Who: Henry Townshend. It’s a narrative. Where: A church in LA. When: The extremely early morning hours of Friday. It’s still dark. What: Getting his head back on straight. In kind of a surprising way. Alternatively, innocence lost. Warnings: Cursing. A little gore. Slaughter.
Henry stood shadowed in a dark alley, watching the church of Dagon across the street. His cigarette was the only part of him that could really be seen, the tip lighting as he inhaled and fading as he removed it from his mouth. He blew the smoke out of his nose, for some reason making him look like a very pissed off dragon.
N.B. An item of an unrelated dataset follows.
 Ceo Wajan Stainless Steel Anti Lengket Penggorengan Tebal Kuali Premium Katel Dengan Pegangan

He’d told Ava he needed a few days to get his head on straight. This was true. He just hadn’t told her how he would be doing that. There would be no relaxing vacations this time. That isn’t what this called for. Not in the slightest, actually. This called for something…else.
He was always the nice guy. The guy that would help people. The guy that would give people second chances. So it would surprise people if they ever found out just what he was planning here. He wasn’t here to threaten the cultists within that church. He wasn’t here to negotiate with them.
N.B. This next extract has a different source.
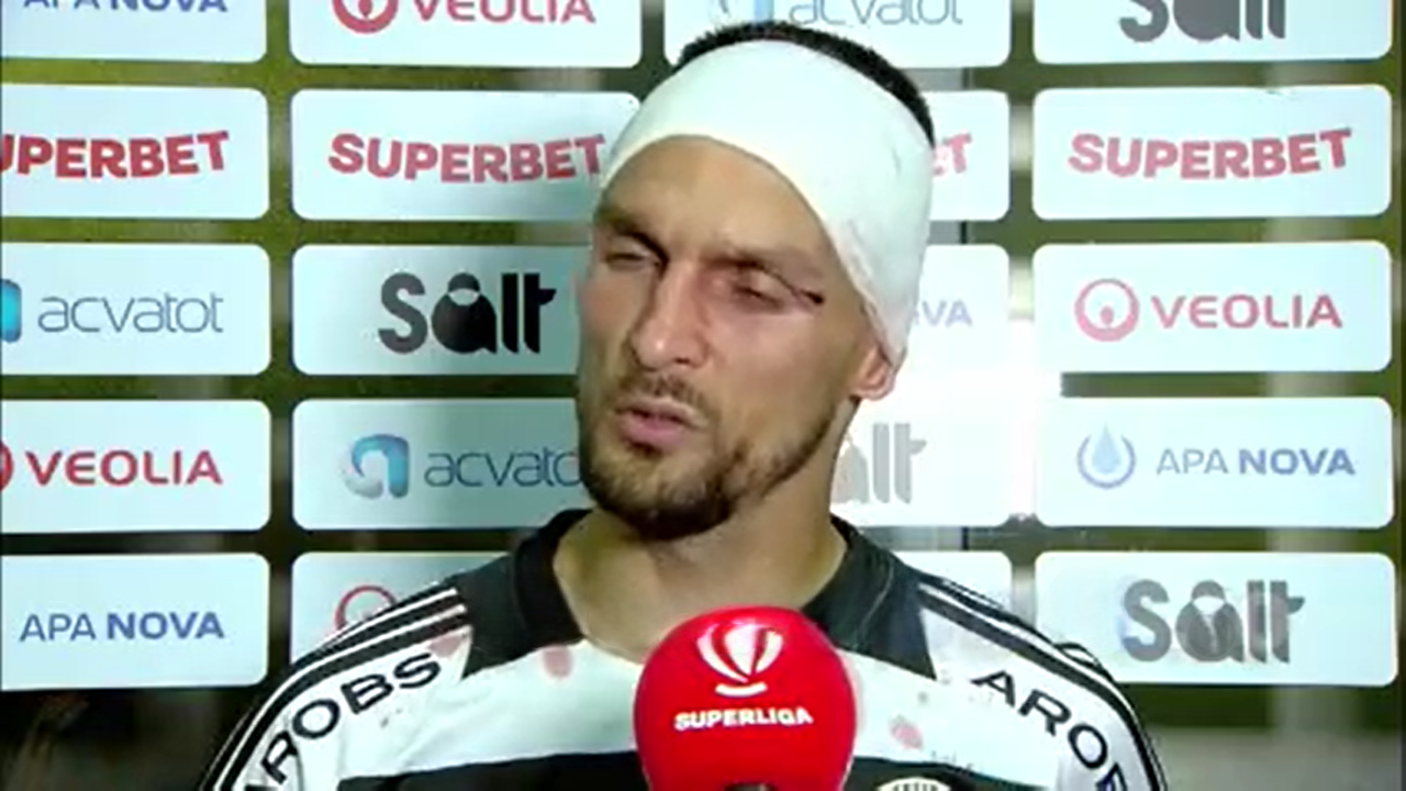 Cu capul bandajat, sânge pe tricou și câteva lovituri vizibile pe tricou, semn că a avut parte de câteva dueluri grele în flancul drept al apărării clujenilor, Mikanovic a vorbit despre duelul cu Farul, dar și despre primele sale impresii despre campionatul României.

He was here to slaughter them all.
He still remembered the future. The horrible future where he’d won the war but lost everything to do it. He still remembered his collection of foul tomes, the books he’d had to research to learn about the cult’s next move. He still remembered the horrible words and syllables necessary for what he was planning here.
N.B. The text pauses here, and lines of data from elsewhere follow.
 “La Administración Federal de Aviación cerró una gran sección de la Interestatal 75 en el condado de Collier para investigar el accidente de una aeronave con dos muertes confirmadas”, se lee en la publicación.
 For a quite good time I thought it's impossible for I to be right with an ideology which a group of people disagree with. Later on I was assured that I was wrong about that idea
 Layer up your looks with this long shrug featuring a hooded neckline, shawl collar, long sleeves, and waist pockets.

He put the remaining little bit of his cigarette out on his heel and flicked the butt in the direction of the open dumpster nearby. Then he pulled his dark hat down low over his face and buttoned up the long coat he’d worn over here. Wasn’t much of a disguise, but he didn’t much care, either. What he was doing here, no one would be able to prove.
He approached the church near a lower side window. It was one of those latched double windows, and it appeared to be some kind of basement window that allowed light in there. It was also big enough for a man to climb out of. The other side had one, but he’d already blocked it with his car. The doors had been taken care of as well, though not through any mundane means.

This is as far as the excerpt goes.